Une autre explication résiderait dans la force du programme du personnage. Mais sauver le capitalisme financier et l’industrie de la bagnole, ça me file pas d’érection notable. Fermer Guantanamo pour recaser ses prisonniers ailleurs, je suis pas sûr de trouver ça très utile. Aggraver les peines pour les « crimes de haine », interdire le port d’armes dissimulées, régulariser les clandestins s’ils paient des impôts et causent anglais, renforcer l’Otan, ça modère sévèrement mon envie de meugler Yes Oui Ken. C’est donc pas ça non plus.  

 Une dernière explication serait que la chose est effectivement un non-événement, et pas que pour moi.

 Pas un mot de la part des gens croisés ces derniers jours. Pour X, les Etats-Unis « ont élu leur grand sorcier » - suite de quoi il m’a parlé des camions de la Route 66 pendant une bonne heure. Y, pendant l’apéro, a surtout parlé de cul, comme à son habitude, spécifiquement d’une ex qui va finir par passer à la casserole si elle ne se calme pas. Z s’inquiète essentiellement de l’avenir de la boîte, dont la santé phynancière ne bénéficie pas encore  - Ô injustice et incompréhension – de l’Effet Obama. Ma feniaule, qui n’aime pas les wacisses sauf moi et encore ça dépend des jours, semble avoir été au courant du happening présidentiel, mais s’est comportée de manière tout-à-fait classique. Mes géniteurs, assez pointus sur l’actu internationale, s’intéressent surtout à Gaza. Malgré la relative froidure de ces derniers jours, aucun Noir-Ou-Presque croisé sur le bitume ne portait de gants noirs fièrement levés face au ciel incrédule. Quant à mon taux de mélanine, il est toujours aussi désespérément stable.

 The world keeps turning.  

Commentaires

J'aime vraiment beaucoup vos articles.

Écrit par : Pélicastre | 22/01/2009

Merci pour cette mansuétude, je fais de moins en moins d'efforts ces derniers temps... Retour d'ascenseur : compliments pour votre essai sur Oncle Adolf, père véritable de la modernité suicidaire et festive.

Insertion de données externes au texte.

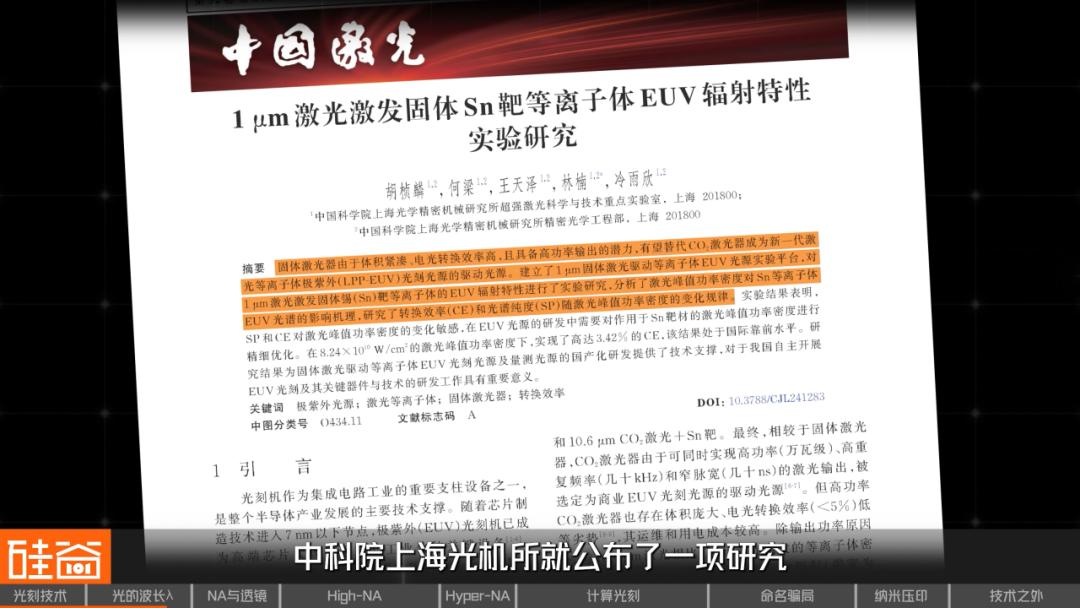 比如今年3月,中科院上海光机所就公布了一项研究,称可以在ASML采用的LPP方案中,利用固体激光器替换原有的二氧化碳激光器,同时将液态的锡滴替换为固体锡,由此可以缩小光源结构并增大输出功率。

Une ébauche sur le thème moisit dans mes tiroirs depuis des mois, je peux l'éliminer sans regrets à présent.

Écrit par : Stag | 22/01/2009

Ca me fait absolument le même effet. Une impression de non évènement absolu, de pur spectacle qu'on ne peut même pas décemment haïr. Je n'essaye même plus d'y réfléchir, ça me laisse vaguement dubitatif sur les raisons de mon vide (je me dis brumeusement que c'est le triomphe du Festivus de Muray, mais même ça n'arrive pas à me faire enfiler cochonnement deux idées sur la question).

La seule que j'ai vu hennir l'orgaasme c'est une brave quiqua noire que je fréquente depuis des années parce qu'elle se trouve secrétaire chez mon toubib. Alors elle, ça la met en transe. Je l'aime bien, elle vous prend dans des coins pour vous dire du mal des juifs, passe du vote trostkiste au vote frontiste dans le même mois, mais n'a de vrais bonheurs que quand on fourre la charogne de Dumas au Panthéon ou quand on enterre Césaire -plus grand poète de tous les temps passés et à venir. ALors là , pensez... Je suis bien content pour elle. Et je regrette de l'avoir déçu quand je l'ai vu car c'était la veille de l'investiture et quand elle m'a dit "Tu sais ce qui se passe demain" je n'ai su que la regarder d'un oeil bovin (lequel devient décidément ma principale expression depuis quelques temps). Encore quelqu'un que j'aurai déçu.

Écrit par : Restif | 22/01/2009

Décevoir est un plaisir des plus subtils. Surtout quand il s'agit de doucher quelque peu l'allégresse quasi-fanatique des obamaniaques. Les gogos dans ce genre ont leur utilité malgré tout, celle de nous divertir.